BEGIN

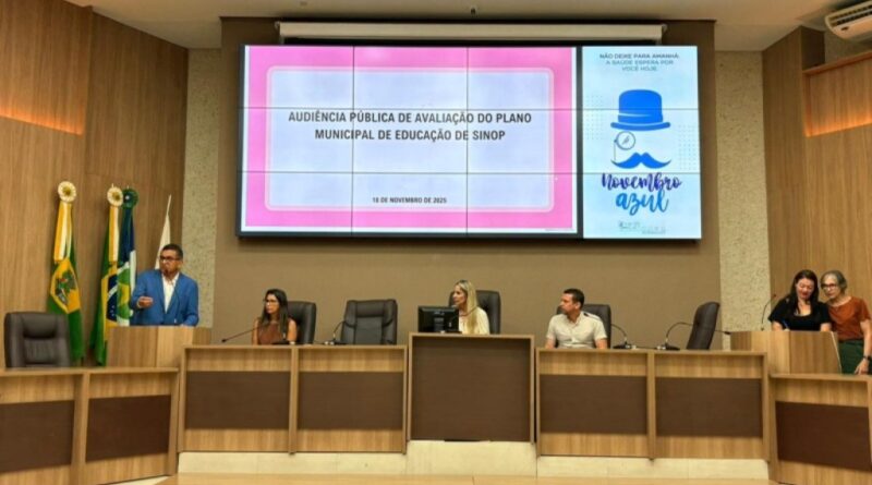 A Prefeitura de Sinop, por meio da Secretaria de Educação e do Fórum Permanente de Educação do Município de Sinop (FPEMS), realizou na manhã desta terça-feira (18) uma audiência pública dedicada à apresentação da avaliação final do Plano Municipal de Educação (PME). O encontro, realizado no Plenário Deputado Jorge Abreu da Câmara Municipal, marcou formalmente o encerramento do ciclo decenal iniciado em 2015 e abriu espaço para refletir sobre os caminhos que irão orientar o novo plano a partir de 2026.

END
BEGIN

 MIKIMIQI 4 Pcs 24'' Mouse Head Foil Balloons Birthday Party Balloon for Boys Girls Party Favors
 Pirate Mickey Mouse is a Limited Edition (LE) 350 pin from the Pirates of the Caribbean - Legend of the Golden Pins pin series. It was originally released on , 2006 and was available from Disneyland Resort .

END

Report how many lines of the listing hold the string "Mouse", giving only the number.

2